Work to be completed:
Begin at the line containing "Straßenbahn: Three silvered" and retype each line through the end of the records exactly. Include nothing else and no pictures.

# # #

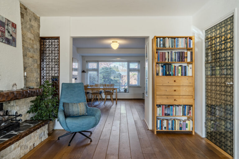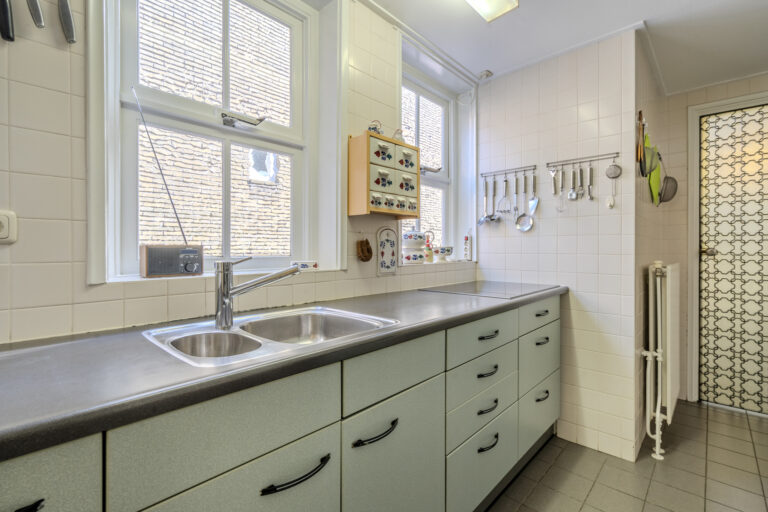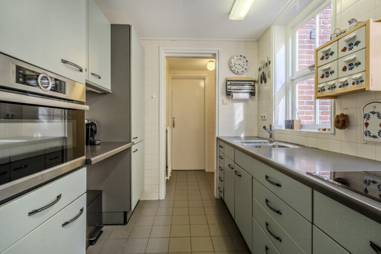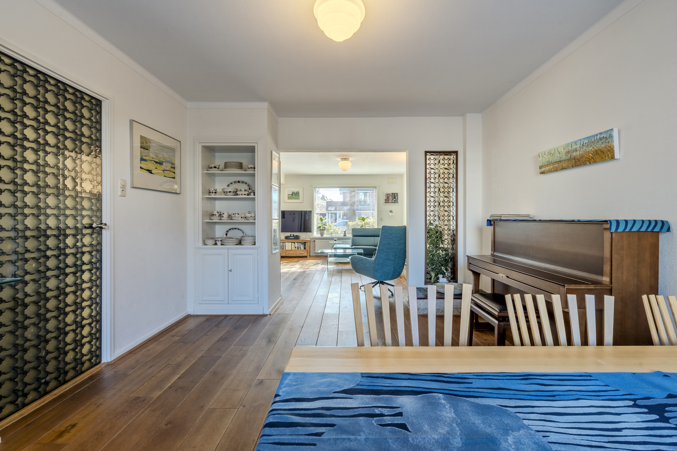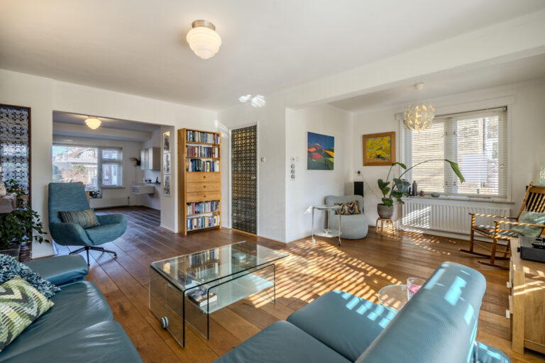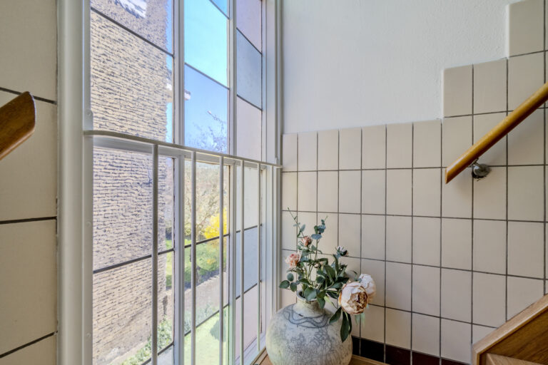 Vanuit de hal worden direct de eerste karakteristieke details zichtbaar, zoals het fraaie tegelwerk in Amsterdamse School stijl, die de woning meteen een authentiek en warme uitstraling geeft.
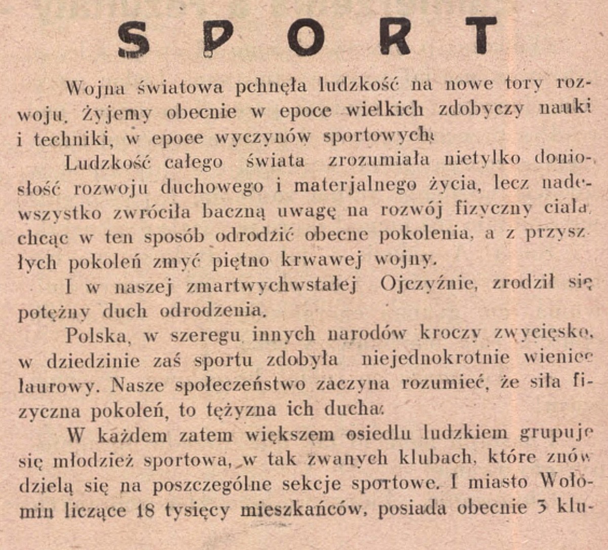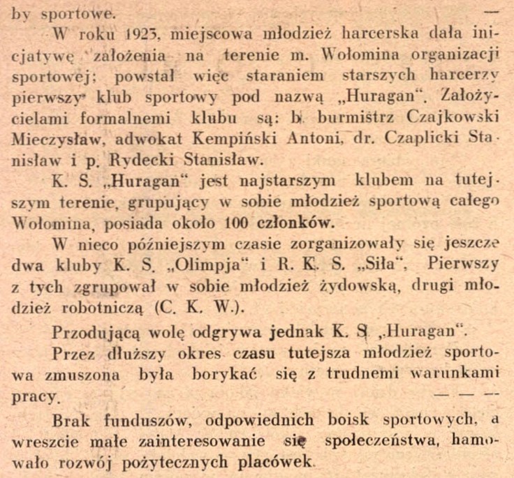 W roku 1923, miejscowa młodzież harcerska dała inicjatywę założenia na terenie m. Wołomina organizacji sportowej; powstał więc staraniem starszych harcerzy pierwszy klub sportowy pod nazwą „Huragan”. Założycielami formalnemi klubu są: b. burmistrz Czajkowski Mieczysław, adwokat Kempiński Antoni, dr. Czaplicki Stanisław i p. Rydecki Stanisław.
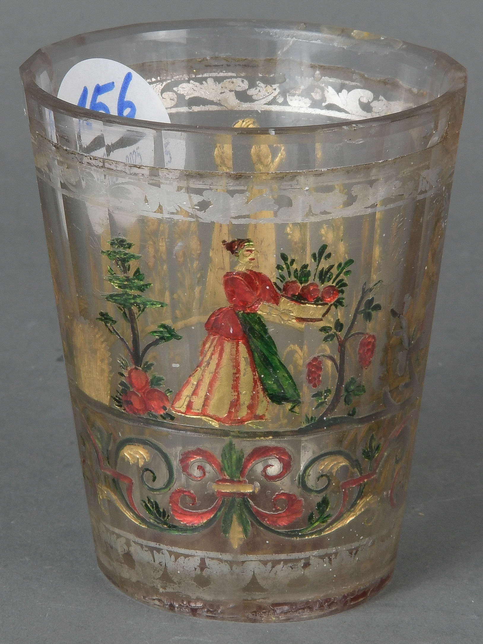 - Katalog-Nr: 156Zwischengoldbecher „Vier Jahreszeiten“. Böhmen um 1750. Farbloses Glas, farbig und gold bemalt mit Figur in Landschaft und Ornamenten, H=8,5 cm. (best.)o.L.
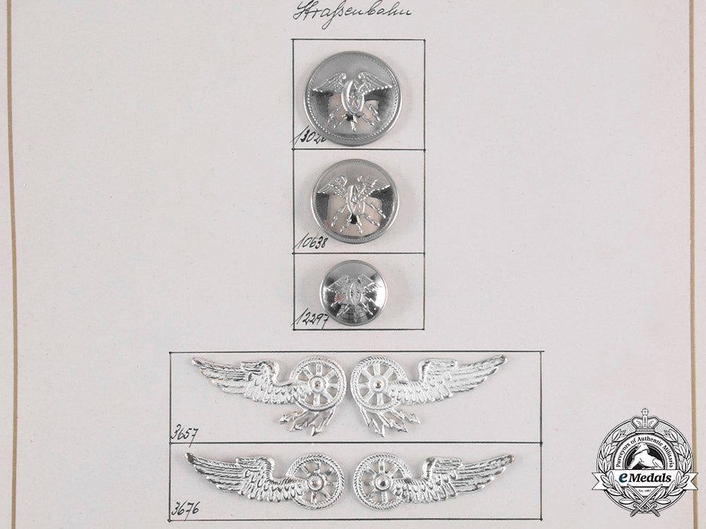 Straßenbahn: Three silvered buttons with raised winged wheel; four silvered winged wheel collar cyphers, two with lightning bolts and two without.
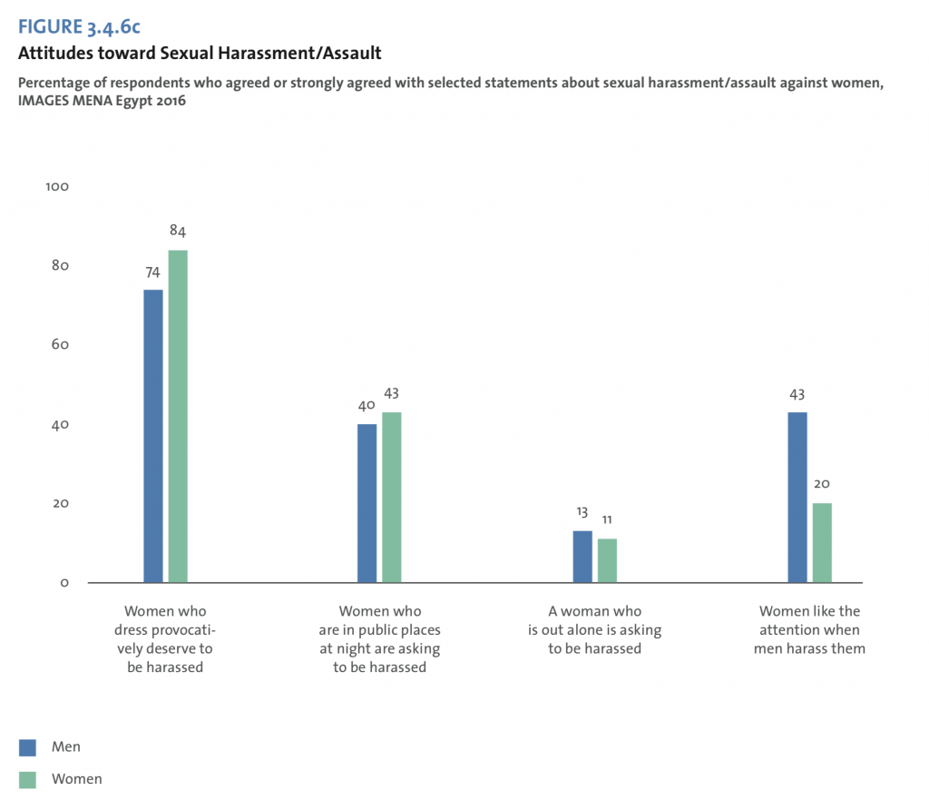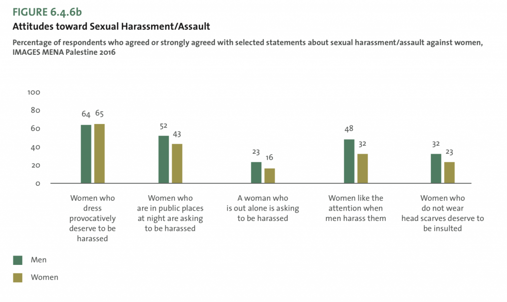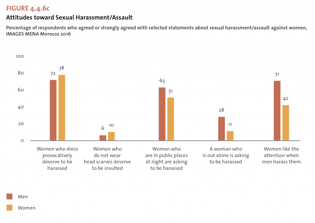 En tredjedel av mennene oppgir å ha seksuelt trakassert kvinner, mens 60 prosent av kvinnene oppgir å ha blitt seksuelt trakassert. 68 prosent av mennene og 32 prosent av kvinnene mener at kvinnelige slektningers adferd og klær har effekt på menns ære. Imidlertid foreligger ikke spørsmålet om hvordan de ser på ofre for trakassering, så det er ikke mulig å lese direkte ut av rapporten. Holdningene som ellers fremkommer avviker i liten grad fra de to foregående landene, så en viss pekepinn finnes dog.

# # #

Written solution:
 Straßenbahn: Three silvered buttons with raised winged wheel; four silvered winged wheel collar cyphers, two with lightning bolts and two without.
 En tredjedel av mennene oppgir å ha seksuelt trakassert kvinner, mens 60 prosent av kvinnene oppgir å ha blitt seksuelt trakassert. 68 prosent av mennene og 32 prosent av kvinnene mener at kvinnelige slektningers adferd og klær har effekt på menns ære. Imidlertid foreligger ikke spørsmålet om hvordan de ser på ofre for trakassering, så det er ikke mulig å lese direkte ut av rapporten. Holdningene som ellers fremkommer avviker i liten grad fra de to foregående landene, så en viss pekepinn finnes dog.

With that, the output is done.